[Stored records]
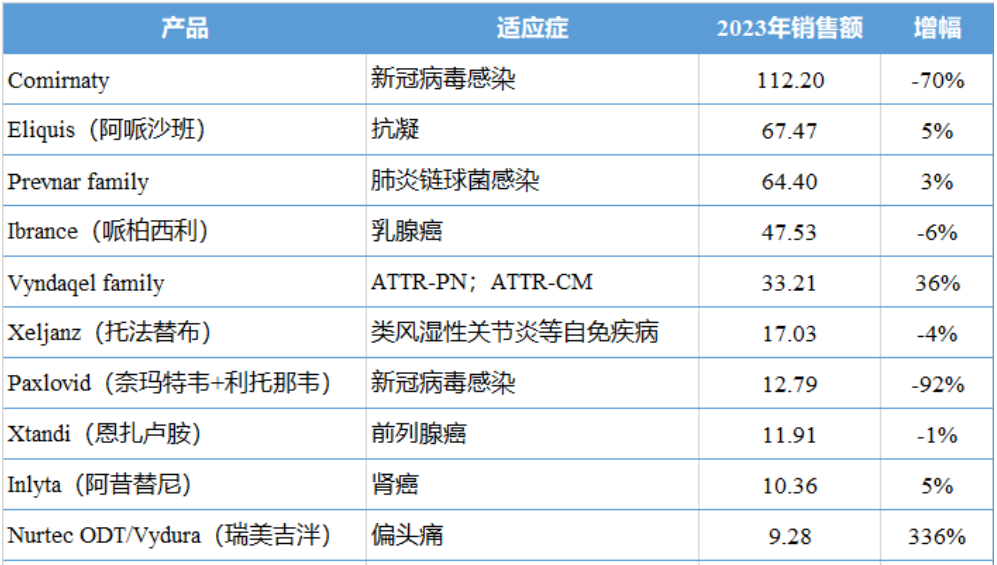 2023年辉瑞TOP10产品销售额(亿美元),图源:医麦客
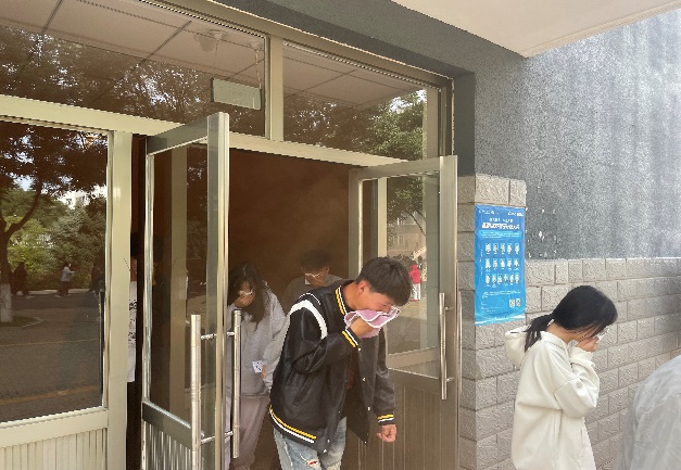 下午2时30分,教学区应急疏散演练率先启动。随着模拟火灾警报声突然响起,教学区某楼层“浓烟”弥漫,各班级师生迅速响应,在现场教师人员的指挥下,严格遵循“捂鼻、低姿、靠右行”的疏散原则,沿着预设安全路线快速向教学楼前广场集结。疏散演练结束后,赤峰市消防救援支队带来的消防车与消防器械展示环节,让师生们近距离感受消防力量。
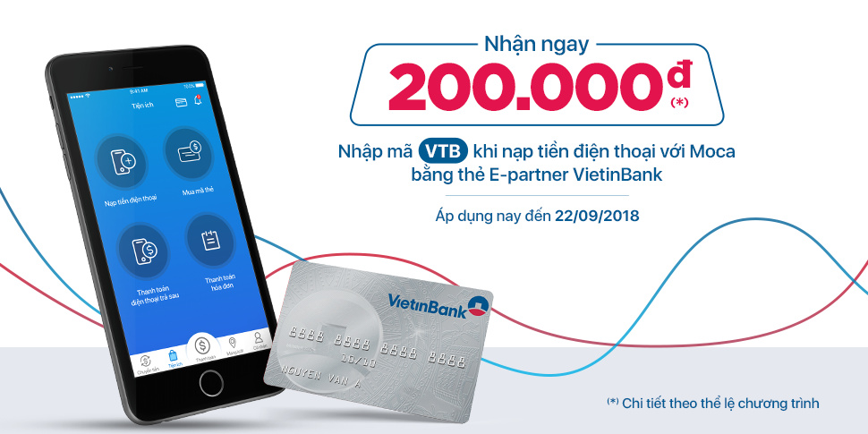 Từ ngày 09/8/2018 đến 22/9/2018, Khách hàng liên kết thẻ VietinBank E-partner với Ứng dụng Moca và nhập mã quà tặng “VTB” khi thực hiện giao dịch nạp tiền điện thoại và thanh toán hàng hóa dịch vụ sẽ được tặng ngay số tiền bằng giá trị thanh toán (tối đa 100.000 đồng) vào tài khoản ví Moca của mình.
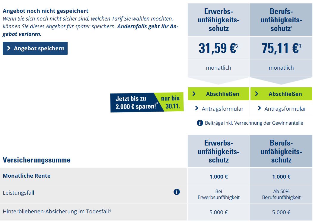 580 € Jahresbeitrag für 1.600 € Berufsunfähigkeitsrente finde ich nicht teuer.
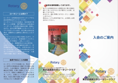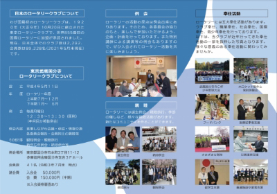 ロータリーとは何か、当クラブの概要や、どのような活動を行っているかを記載しているパンフレットです。 クリックするとダウンロードいただけます。
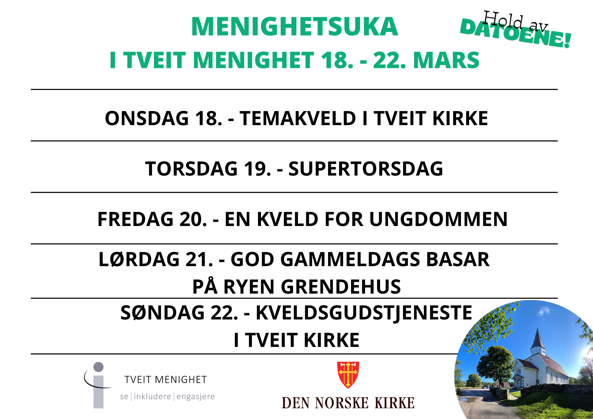 Velkommen til menighetsuka i Tveit 2026! Det kommer mer info fortløpende, men hold av datoene allerede nå!
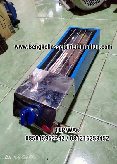 Beranda » Alat Perlengkapan Usaha » Kompor Panggang Sosis Sate DLL Ukuran 11*26 Dengan Tempat Saklar Mesin Bahan Steinless
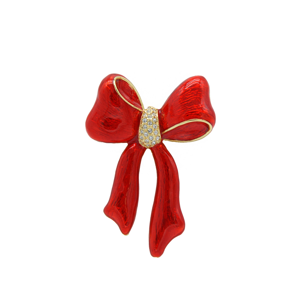 The magic of the season is captured in our vibrant "Festive Ties" pin! Fifth Avenue Collection's exclusive 2025 collector's design is a classic yet trendy hand-painted red enamel bow trimmed in a gleaming gold finish, and centered with sparkling clear Swarovski crystal to add style and charm to any outfit. Nickel and lead free jewellery.
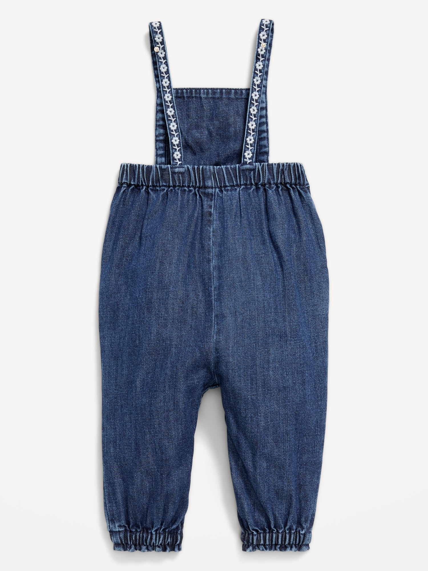 Sleeveless Embroidered Jean Jumpsuit for Baby: square neckline, thin shoulder straps, diagonal on-seam pockets, hidden snaps along inseam, cinched leg cuffs, embroidered pattern, #802255
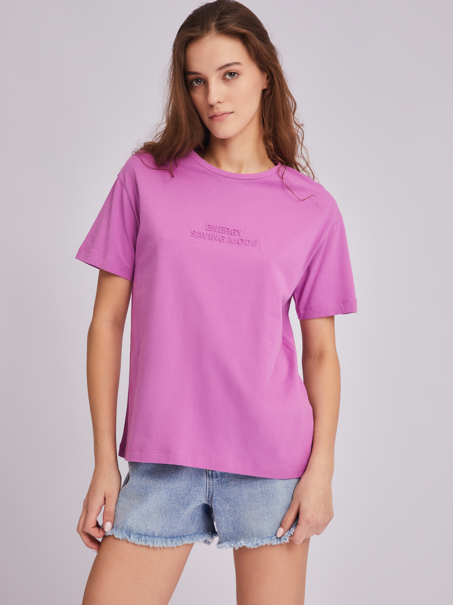 Фиолетовая женская футболка из хлопка, дополненная принтом-надписью на груди, прекрасно подойдёт к ярким летним аутфитам и будет удачно сочетаться с джинсами, шортами и лёгкими юбками.
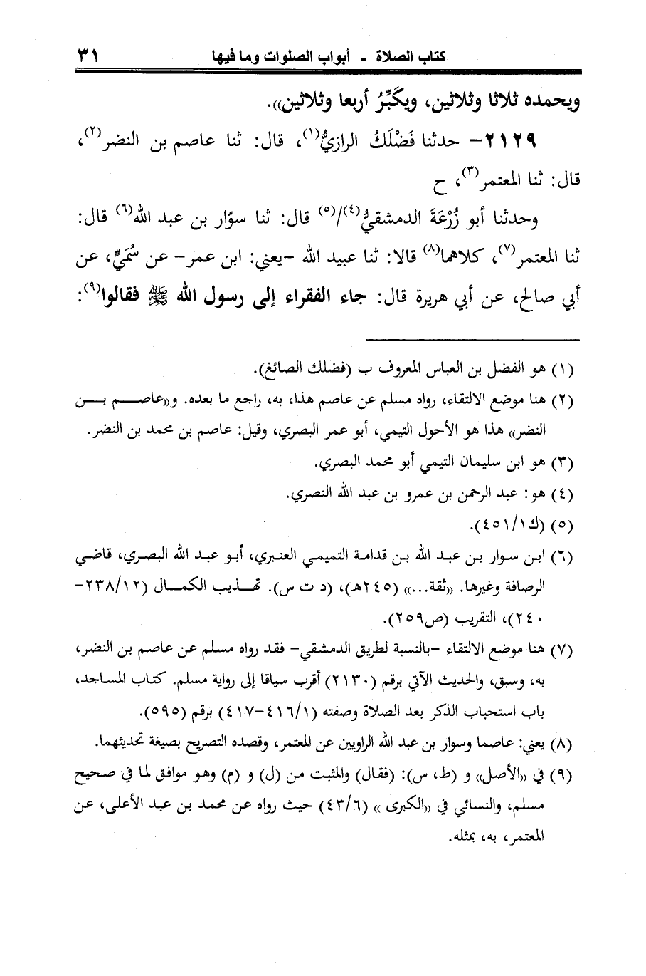 (¬7) هنا موضع الالتقاء -بالنسبة لطريق الدمشقي- فقد رواه مسلم عن عاصم بن النضر، به، وسبق، والحديث الآتي برقم (2130) أقرب سياقًا إلى رواية مسلم. كتاب المساجد، باب استحباب الذكر بعد الصلاة وصفته (1/ 416 - 417) برقم (595).
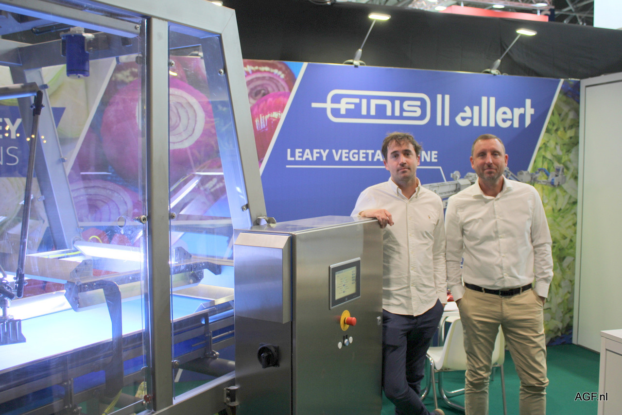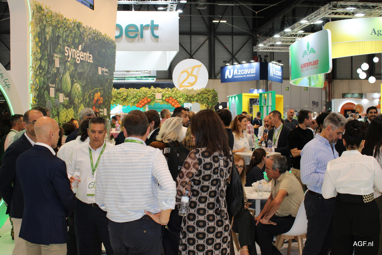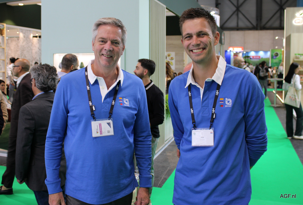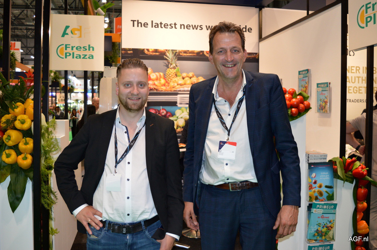 Vollegrondsgroentenhandelaar Kees Heegsma uit Lemmer (rechts) was voor het eerst op de beurs in Madrid. Hier op de foto met Marc Beckmann van Landgard

* Problem to solve:
Word for word, repeat the lines of data above, omitting every picture.

* The answer:
 2023年辉瑞TOP10产品销售额(亿美元),图源:医麦客
 下午2时30分,教学区应急疏散演练率先启动。随着模拟火灾警报声突然响起,教学区某楼层“浓烟”弥漫,各班级师生迅速响应,在现场教师人员的指挥下,严格遵循“捂鼻、低姿、靠右行”的疏散原则,沿着预设安全路线快速向教学楼前广场集结。疏散演练结束后,赤峰市消防救援支队带来的消防车与消防器械展示环节,让师生们近距离感受消防力量。
 Từ ngày 09/8/2018 đến 22/9/2018, Khách hàng liên kết thẻ VietinBank E-partner với Ứng dụng Moca và nhập mã quà tặng “VTB” khi thực hiện giao dịch nạp tiền điện thoại và thanh toán hàng hóa dịch vụ sẽ được tặng ngay số tiền bằng giá trị thanh toán (tối đa 100.000 đồng) vào tài khoản ví Moca của mình.
 580 € Jahresbeitrag für 1.600 € Berufsunfähigkeitsrente finde ich nicht teuer.
 ロータリーとは何か、当クラブの概要や、どのような活動を行っているかを記載しているパンフレットです。 クリックするとダウンロードいただけます。
 Velkommen til menighetsuka i Tveit 2026! Det kommer mer info fortløpende, men hold av datoene allerede nå!
 Beranda » Alat Perlengkapan Usaha » Kompor Panggang Sosis Sate DLL Ukuran 11*26 Dengan Tempat Saklar Mesin Bahan Steinless
 The magic of the season is captured in our vibrant "Festive Ties" pin! Fifth Avenue Collection's exclusive 2025 collector's design is a classic yet trendy hand-painted red enamel bow trimmed in a gleaming gold finish, and centered with sparkling clear Swarovski crystal to add style and charm to any outfit. Nickel and lead free jewellery.
 Sleeveless Embroidered Jean Jumpsuit for Baby: square neckline, thin shoulder straps, diagonal on-seam pockets, hidden snaps along inseam, cinched leg cuffs, embroidered pattern, #802255
 Фиолетовая женская футболка из хлопка, дополненная принтом-надписью на груди, прекрасно подойдёт к ярким летним аутфитам и будет удачно сочетаться с джинсами, шортами и лёгкими юбками.
 (¬7) هنا موضع الالتقاء -بالنسبة لطريق الدمشقي- فقد رواه مسلم عن عاصم بن النضر، به، وسبق، والحديث الآتي برقم (2130) أقرب سياقًا إلى رواية مسلم. كتاب المساجد، باب استحباب الذكر بعد الصلاة وصفته (1/ 416 - 417) برقم (595).
 Vollegrondsgroentenhandelaar Kees Heegsma uit Lemmer (rechts) was voor het eerst op de beurs in Madrid. Hier op de foto met Marc Beckmann van Landgard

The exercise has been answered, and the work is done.